In a gloomy seaside town in Brittany, a young nurse-in-training, Lucie (Chloe Coulloud), follows her creepy elder colleague (Catherine Jacob) on visits to various elderly patients. When they arrive at the abandoned manor of Jessel (Marie-Claude Pietragalla), a witchlike former dance instructor in a permanent coma, Lucie gets wind of a treasure hidden somewhere in the house, and is coerced by her b.f. (Felix Moati) and guyfriend (Jeremy Kapone) to sneak back that night for some foraging.
The fact that it happens to be Halloween (as much as that means anything in France), and that the mansion’s extensive taxidermy collection makes the Bates Motel look like Toys “R” Us, doesn’t seem to pose a problem for the trio of scavengers, who foolishly venture inside and spend the rest of the movie running from an assortment of monsters: a reanimated Jessel, a group of razor-wielding ballerinas, and Jessel’s supposedly long-dead daughter (Chloe Marcq), who first appears as a stuffed human doll with her eyelids sewn together.
While the film’s pivotal horror scenes offer up very few actual scares, they do contain some impressive bits of set design (by Marc Thiebault), and an array of extremely visceral make-up effects from Gallic blood-squirt specialist Olivier Alonso (Colombiana, Hitman).
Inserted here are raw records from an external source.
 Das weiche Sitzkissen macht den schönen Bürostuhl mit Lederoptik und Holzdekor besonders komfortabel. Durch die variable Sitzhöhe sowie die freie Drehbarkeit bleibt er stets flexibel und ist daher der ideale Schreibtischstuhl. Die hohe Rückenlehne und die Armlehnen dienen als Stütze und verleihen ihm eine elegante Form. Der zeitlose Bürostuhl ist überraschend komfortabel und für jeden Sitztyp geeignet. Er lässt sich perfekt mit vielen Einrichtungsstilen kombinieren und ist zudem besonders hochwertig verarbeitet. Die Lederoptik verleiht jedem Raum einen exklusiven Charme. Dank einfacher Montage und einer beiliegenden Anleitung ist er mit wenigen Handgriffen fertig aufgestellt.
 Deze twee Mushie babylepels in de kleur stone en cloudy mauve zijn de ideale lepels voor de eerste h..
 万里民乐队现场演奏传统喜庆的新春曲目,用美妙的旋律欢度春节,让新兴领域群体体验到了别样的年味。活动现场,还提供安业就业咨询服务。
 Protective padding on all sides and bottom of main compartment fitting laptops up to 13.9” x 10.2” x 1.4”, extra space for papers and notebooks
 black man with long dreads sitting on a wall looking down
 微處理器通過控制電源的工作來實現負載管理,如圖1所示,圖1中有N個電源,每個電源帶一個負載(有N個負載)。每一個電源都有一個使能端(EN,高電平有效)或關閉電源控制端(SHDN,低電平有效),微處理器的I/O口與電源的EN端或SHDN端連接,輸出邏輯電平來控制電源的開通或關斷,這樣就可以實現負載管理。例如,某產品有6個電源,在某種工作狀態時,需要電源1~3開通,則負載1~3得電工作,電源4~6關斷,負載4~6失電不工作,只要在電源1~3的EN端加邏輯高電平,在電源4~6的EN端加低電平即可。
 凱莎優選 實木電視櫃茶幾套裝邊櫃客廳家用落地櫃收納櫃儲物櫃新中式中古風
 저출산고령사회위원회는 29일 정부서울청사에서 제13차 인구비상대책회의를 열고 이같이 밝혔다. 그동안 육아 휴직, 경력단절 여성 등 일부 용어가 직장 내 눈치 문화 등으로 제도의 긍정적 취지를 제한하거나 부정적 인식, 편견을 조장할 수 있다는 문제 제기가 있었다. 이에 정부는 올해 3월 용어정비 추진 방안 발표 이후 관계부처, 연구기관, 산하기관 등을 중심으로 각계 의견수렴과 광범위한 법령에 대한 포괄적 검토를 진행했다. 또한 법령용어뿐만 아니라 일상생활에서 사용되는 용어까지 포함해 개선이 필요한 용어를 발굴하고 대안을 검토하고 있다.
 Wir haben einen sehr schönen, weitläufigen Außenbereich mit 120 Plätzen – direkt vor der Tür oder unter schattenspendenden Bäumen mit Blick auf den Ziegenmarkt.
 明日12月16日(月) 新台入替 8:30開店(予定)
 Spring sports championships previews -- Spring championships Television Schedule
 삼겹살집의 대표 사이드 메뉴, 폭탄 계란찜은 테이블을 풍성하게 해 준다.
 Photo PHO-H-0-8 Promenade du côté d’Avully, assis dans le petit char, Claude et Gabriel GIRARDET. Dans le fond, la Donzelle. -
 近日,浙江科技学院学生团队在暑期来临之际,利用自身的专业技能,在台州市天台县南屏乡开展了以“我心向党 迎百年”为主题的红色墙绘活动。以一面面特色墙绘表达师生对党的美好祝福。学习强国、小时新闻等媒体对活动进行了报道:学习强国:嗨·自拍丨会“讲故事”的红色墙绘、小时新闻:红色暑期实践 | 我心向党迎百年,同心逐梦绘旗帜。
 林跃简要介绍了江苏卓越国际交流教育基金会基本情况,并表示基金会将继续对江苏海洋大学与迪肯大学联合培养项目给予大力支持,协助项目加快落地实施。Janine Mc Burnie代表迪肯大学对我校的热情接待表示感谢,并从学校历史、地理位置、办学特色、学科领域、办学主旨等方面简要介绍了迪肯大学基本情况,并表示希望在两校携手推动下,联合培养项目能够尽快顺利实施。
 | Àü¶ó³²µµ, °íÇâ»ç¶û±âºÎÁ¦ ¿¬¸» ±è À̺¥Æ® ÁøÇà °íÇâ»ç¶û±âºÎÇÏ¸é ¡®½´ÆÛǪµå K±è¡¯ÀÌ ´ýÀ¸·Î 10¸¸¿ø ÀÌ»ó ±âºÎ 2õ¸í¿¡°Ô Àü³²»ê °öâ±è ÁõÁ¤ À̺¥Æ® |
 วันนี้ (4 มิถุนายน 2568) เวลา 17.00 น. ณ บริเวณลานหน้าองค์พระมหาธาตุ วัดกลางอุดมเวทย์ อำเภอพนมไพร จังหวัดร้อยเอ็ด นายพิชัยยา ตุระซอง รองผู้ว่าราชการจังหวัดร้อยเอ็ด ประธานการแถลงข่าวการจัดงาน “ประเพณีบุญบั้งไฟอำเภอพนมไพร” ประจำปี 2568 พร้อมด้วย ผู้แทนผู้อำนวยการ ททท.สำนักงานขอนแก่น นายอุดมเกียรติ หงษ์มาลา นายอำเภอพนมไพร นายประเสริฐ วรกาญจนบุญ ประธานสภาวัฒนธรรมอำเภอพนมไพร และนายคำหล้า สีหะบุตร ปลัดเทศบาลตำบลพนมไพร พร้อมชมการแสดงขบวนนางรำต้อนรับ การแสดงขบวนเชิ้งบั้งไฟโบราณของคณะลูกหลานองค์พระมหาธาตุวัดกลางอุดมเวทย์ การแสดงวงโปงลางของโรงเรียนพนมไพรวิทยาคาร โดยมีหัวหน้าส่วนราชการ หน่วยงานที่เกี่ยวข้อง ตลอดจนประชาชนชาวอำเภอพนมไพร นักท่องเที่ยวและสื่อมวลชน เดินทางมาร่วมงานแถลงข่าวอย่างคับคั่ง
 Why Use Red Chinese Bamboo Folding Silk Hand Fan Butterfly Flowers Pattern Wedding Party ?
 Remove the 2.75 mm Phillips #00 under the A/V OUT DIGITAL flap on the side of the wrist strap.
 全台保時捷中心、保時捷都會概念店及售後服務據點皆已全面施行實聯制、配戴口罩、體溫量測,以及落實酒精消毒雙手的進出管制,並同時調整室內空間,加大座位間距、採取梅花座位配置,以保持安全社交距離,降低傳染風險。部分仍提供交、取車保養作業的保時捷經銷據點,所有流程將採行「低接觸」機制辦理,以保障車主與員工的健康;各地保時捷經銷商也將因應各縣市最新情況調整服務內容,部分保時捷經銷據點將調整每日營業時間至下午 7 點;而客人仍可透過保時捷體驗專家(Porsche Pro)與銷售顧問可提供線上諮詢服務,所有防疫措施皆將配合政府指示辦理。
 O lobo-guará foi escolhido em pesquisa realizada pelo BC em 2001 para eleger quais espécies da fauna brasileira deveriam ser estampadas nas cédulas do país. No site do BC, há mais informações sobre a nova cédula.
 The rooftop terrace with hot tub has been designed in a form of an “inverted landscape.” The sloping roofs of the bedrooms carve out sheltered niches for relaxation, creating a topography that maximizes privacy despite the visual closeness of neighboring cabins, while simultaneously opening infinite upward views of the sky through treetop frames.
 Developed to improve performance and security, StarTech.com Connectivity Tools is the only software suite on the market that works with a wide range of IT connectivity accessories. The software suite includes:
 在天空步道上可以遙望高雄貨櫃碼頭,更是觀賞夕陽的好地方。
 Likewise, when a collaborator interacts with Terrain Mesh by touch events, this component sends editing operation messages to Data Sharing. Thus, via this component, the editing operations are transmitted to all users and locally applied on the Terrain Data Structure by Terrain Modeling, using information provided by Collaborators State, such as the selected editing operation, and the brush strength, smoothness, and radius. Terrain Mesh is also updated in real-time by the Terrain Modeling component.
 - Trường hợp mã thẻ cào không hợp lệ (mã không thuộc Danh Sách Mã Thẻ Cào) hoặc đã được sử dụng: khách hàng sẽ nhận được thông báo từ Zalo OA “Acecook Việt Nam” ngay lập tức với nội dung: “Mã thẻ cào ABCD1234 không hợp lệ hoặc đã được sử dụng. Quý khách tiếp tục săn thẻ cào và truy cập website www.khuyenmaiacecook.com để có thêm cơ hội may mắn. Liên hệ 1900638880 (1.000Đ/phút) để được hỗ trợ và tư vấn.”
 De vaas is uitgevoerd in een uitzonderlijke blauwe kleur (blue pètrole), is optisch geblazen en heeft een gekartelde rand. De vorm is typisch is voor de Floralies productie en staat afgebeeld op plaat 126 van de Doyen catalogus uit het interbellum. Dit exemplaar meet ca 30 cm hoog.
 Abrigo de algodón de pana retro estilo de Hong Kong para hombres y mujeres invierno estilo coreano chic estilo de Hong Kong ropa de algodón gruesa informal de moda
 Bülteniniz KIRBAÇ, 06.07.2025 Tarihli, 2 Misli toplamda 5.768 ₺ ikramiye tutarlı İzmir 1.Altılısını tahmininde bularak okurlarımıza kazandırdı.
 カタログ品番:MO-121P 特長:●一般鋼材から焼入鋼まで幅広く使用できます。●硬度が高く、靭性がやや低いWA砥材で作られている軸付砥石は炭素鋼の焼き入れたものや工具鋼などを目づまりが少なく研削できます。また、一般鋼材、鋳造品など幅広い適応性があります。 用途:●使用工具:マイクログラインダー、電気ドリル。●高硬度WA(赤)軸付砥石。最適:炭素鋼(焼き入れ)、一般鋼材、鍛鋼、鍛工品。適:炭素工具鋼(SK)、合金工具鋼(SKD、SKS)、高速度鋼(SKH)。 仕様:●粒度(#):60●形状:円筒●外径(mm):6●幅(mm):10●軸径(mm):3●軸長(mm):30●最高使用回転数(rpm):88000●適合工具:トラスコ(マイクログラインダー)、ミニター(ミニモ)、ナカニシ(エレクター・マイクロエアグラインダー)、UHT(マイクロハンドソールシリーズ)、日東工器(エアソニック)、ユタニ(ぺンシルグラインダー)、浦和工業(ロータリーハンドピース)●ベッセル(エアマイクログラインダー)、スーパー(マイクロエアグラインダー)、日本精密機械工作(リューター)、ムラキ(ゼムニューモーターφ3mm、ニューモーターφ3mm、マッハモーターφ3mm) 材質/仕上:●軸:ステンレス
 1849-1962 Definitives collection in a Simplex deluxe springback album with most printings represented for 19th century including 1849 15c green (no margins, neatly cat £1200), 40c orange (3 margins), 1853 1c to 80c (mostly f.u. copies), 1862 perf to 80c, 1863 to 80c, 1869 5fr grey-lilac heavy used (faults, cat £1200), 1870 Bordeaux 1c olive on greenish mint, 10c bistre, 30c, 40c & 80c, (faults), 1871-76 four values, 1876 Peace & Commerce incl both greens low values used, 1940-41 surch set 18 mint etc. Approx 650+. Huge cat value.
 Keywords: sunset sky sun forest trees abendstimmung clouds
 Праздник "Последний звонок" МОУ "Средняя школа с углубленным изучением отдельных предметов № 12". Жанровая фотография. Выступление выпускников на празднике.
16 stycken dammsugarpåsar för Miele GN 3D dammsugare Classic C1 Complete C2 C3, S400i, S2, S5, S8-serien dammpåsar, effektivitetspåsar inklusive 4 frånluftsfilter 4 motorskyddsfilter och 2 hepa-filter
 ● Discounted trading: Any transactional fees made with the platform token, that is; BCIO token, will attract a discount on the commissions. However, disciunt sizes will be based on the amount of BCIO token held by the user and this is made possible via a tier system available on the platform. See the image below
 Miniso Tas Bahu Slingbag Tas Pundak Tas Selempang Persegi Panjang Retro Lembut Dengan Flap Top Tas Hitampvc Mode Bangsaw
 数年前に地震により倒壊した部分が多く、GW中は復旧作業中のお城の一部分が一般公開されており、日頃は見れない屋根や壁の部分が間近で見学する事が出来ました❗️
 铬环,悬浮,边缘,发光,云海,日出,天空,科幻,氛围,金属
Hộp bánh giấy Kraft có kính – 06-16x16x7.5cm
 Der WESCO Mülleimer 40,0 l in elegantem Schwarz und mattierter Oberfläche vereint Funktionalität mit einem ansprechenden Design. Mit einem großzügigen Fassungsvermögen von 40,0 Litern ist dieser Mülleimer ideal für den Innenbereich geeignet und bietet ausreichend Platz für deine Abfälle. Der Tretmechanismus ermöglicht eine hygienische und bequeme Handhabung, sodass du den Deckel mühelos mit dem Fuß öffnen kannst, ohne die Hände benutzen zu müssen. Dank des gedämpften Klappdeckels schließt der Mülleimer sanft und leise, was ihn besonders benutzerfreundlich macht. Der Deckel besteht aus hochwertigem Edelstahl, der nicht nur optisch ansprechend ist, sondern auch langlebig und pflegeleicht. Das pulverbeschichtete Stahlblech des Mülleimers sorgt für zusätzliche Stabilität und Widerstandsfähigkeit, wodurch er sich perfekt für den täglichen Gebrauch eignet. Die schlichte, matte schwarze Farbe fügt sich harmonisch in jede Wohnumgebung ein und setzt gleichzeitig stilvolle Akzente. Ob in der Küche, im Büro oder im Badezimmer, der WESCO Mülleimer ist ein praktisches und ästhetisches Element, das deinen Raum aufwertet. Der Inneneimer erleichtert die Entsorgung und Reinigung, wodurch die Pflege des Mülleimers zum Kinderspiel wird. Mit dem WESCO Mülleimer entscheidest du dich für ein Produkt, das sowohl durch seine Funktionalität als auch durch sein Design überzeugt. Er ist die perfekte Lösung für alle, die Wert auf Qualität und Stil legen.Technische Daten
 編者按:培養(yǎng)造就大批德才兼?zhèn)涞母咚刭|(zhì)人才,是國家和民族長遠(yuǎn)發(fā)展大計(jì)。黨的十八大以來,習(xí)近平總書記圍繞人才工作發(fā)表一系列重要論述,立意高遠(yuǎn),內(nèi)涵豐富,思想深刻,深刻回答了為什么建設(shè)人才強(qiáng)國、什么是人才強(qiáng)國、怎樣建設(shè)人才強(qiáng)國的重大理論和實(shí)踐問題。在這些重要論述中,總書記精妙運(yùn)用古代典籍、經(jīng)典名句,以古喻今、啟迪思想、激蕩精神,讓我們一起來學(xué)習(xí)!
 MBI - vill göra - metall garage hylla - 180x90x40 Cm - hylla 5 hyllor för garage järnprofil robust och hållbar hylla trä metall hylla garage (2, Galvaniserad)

Such accoutrements add punch to an otherwise lagging storyline, and provide for some thrillingly grisly scenes during the movie’s gory, yet somewhat risible (at least according to a recent Paris audience), finale.
As the cautious – but not too cautious – Lucie, Coulloud (Gainsbourg: A Heroic Life) gives a strong enough performance to make the shenanigans watchable. Moati and Kapone showed far more pizzazz together in 2008’s LOL, and appear as little more than receptacles for an onslaught of latex and corn syrup.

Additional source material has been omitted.